The uncertainty of the scale of these potential tariffs, perpetuated by the Department of Commerce and the Biden administration, is having severe impacts on a domestic solar industry that the administration itself says needs to grow faster than ever. ACP found that the implications of this uncertainty will cause a 47% reduction in President Biden’s solar goal of 81GW of new solar capacity across 2022-2023.

Furthermore, in entertaining this case, the Department of Commerce is upending its own decade-long precedent on solar module tariffs – all to appease the rogue actor who brought this case without the backing of a single other domestic manufacturing company.

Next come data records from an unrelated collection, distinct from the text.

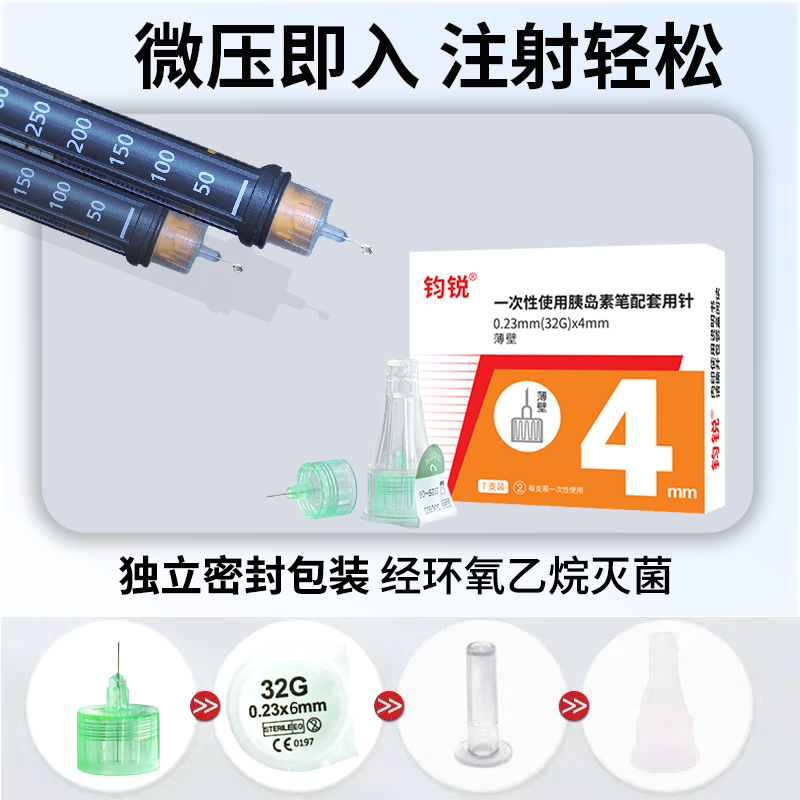 📚 钧锐胰岛素针头4mm通用糖尿病注射笔5mm打替尔泊肽司美格鲁肽针头
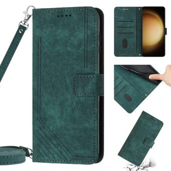For Samsung Galaxy S21+ 5G Skin Feel Stripe Pattern Leather Phone Case with Lanyard(Green)
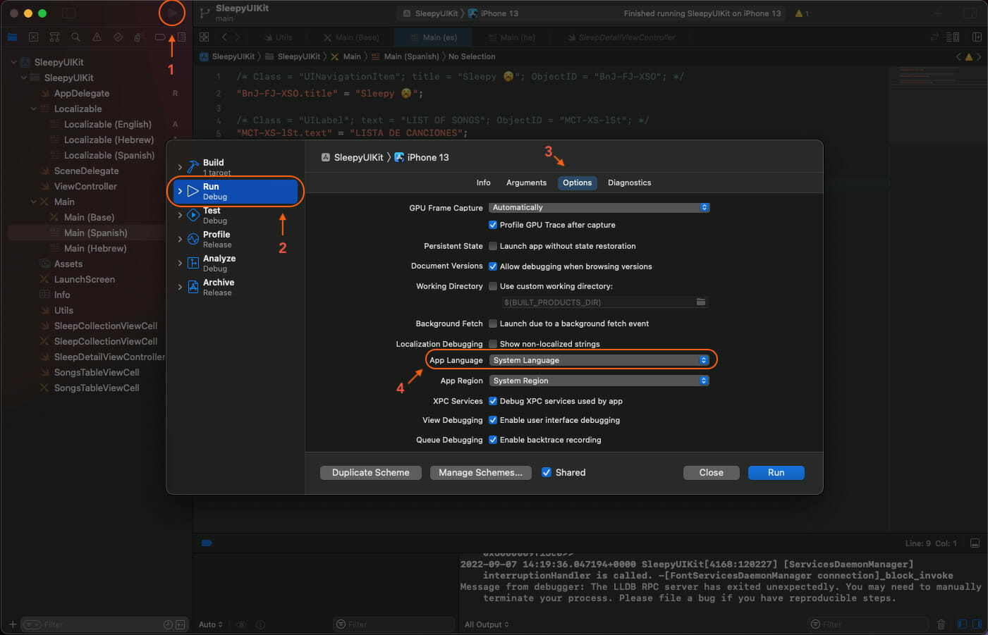 Now let’s run the application in Spanish to see if our localization worked. By default, every time you run the application, it uses the base language. You can run your application using different locales by Option + Clicking on the (Play) Start active scheme button, then going to Run → Options → App Language → Change to a supported language (Spanish in this case) → Click Run.

The solutions for ensuring increased domestic manufacturing – manufacturing incentives – are artfully designed and included in the House-passed reconciliation legislation. But in considering tariffs, the Department of Commerce is resorting to a failed solution that has proven not to meaningfully increase domestic manufacturing throughout the past decade.

The results from ACP’s study are more than just numbers on a page. Behind each data point are proud men and women that power clean energy in America, who are rightfully questioning why President Biden’s own administration is imperiling their livelihoods. President Biden and the Department of Commerce must swiftly dismiss this inquiry for what it is – a self-serving attempt by one lone company to game the system to the detriment of the domestic solar industry – and guarantee certainty for the Americans building our clean energy future.